*Brief:*
When you reach the line containing "Effect of delay" in the entries below, start writing out each line exactly, and stop after the line containing "2025新款爆款春夏新款袜子女后跟布标中筒条纹袜子棉质韩版堆堆袜".

*Stored data:*
—————

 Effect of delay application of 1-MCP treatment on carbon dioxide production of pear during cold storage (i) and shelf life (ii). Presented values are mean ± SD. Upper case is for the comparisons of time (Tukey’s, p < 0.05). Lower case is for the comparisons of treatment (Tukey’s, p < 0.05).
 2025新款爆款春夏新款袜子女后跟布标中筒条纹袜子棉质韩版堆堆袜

—————

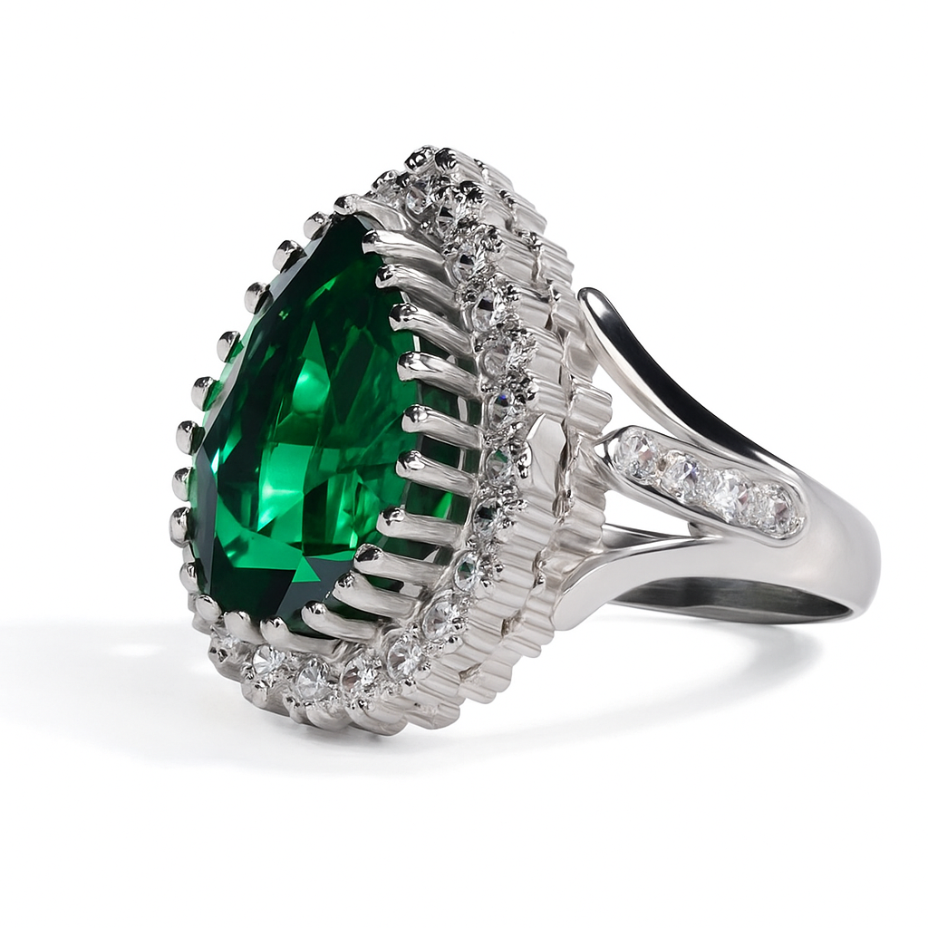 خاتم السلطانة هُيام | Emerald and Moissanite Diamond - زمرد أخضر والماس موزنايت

—————

*Output for this task:*
 Effect of delay application of 1-MCP treatment on carbon dioxide production of pear during cold storage (i) and shelf life (ii). Presented values are mean ± SD. Upper case is for the comparisons of time (Tukey’s, p < 0.05). Lower case is for the comparisons of treatment (Tukey’s, p < 0.05).
 2025新款爆款春夏新款袜子女后跟布标中筒条纹袜子棉质韩版堆堆袜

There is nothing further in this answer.